I feel that my undergraduate education in Computer Science did a good job of teaching me modelling and troubleshooting skills, even though the technologies in question were never used in industry. Some of the things that helped develop these skills included:
- Lots of programming assignments that required lots of troubleshooting and debugging.
- Proofs and analysis in things like data structures and algorithms.
- Being put in positions where I would teach material to others.
- Exposure to completely weird computer science concepts that broke my brain (such as functional programming, computability and NP-hardness, data structures and algorithms, database structures and implementation, and even hateful formal methods)
- Mathematics courses that helped me reason more precisely in domains different from computers.
None of the technologies I used during my undergrad are useful to me today. My degree was focused on software development, not systems administration. Nonetheless, so much of the knowledge was transferable.
This is probably part of the reason "an undergraduate degree in computer science" is used as a resume screening credential by employers, but this is a mistake. Firstly, good candidates without undergraduate educations exist. Secondly, university degrees are expensive, stressful, and time-consuming, and not everybody is in a position to obtain one. (As a data point: I almost did not get through my undergrad.) Thirdly, although having an undergrad degree is probably correlated with having good sysadmin skills, it is not a guarantee.
Developing Sysadmin Skills
This raises some uncomfortable questions:
- Can modelling and troubleshooting skills be developed outside university?
- Can these skills even be taught?
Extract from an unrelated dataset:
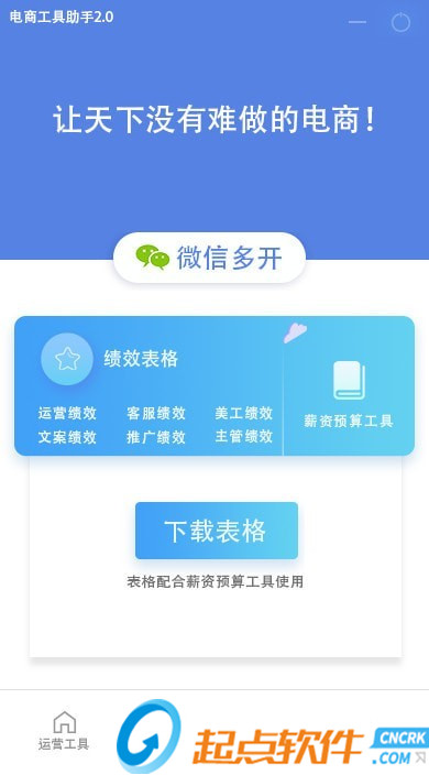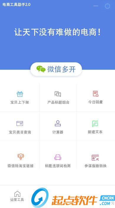 电商工具助手是一款专业的电商辅助软件。电商工具助手功能强大,拥有运营工具、设计工具、绩效工具、辅助工具这四大类实用工具集合,而且完全免费。有需要的用户欢迎在本站下载。

Is it the case that some people have them and some people don't, and there is not much you can do to develop them?
I desperately want to believe that these skills can be taught, and that they can be taught outside of a university context. I have coworkers and former coworkers who never went to university but have these skills, so I do not think university is strictly necessary. But I am worried about whether these skills can be taught; I am shocked by how scarce they seem to be among those whom we interview.
If you are somebody who feels your modelling and troubleshooting skills are weak, you might try the following:
Learn computer programming. In my opinion, getting computer programs to run correctly is inherently related to troubleshooting skills; people who cannot debug programs cannot write programs, and people who cannot model solutions cannot design good programs.
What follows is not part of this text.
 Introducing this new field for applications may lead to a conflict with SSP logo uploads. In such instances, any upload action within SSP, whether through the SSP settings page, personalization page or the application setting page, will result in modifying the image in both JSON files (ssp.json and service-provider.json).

Related to the above, contribute to an Open Source project with a public bugtracker. Start by creating test cases for bugs that are reported. Then start trying to fix bugs and contribute patches. This will develop all three skillsets, and develop a portfolio you can show to potential employers.
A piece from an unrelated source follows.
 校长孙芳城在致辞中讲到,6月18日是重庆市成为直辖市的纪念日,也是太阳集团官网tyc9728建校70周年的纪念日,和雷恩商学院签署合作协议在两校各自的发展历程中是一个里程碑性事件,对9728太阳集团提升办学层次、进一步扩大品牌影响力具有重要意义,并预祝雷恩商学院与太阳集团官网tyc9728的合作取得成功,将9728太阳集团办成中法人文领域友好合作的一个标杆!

Find some computer stuff and teach it to others, since teaching is an excellent way to learn.
Volunteer to take care of computers for your friends, family and local organizations. As you do so, ask the kinds of questions and practice the kinds of habits that develop your modelling and troubleshooting skills. Don't be satisfied with getting things to work until you understand why they work. Explicitly make hypotheses about how the system is behaving and then come up with tests to confirm or refute those hunches. Observe your systems to figure out how they work, and build up a toolkit (
ping
,strace
,nmap
,wireshark
,adsiedit
,vmstat
, logfiles, Event Viewer, and many, many others) so you can observe what is happening better. Narrow down possible causes and simplify situations when diagnosing issues.Learn things in other (non-computer) fields that involve modelling and troubleshooting skills. There are lots of them out there, and those skills are transferable.
Learn and implement crazy computer things that will break your brain. Functional programming is one place to start, but there are lots of other things.
I don't know whether these techniques will work, because I do not know whether modelling and troubleshooting can be taught. However, I feel that some of these techniques have helped me develop my modelling and troubleshooting skills, so I hope they might be useful to others as well.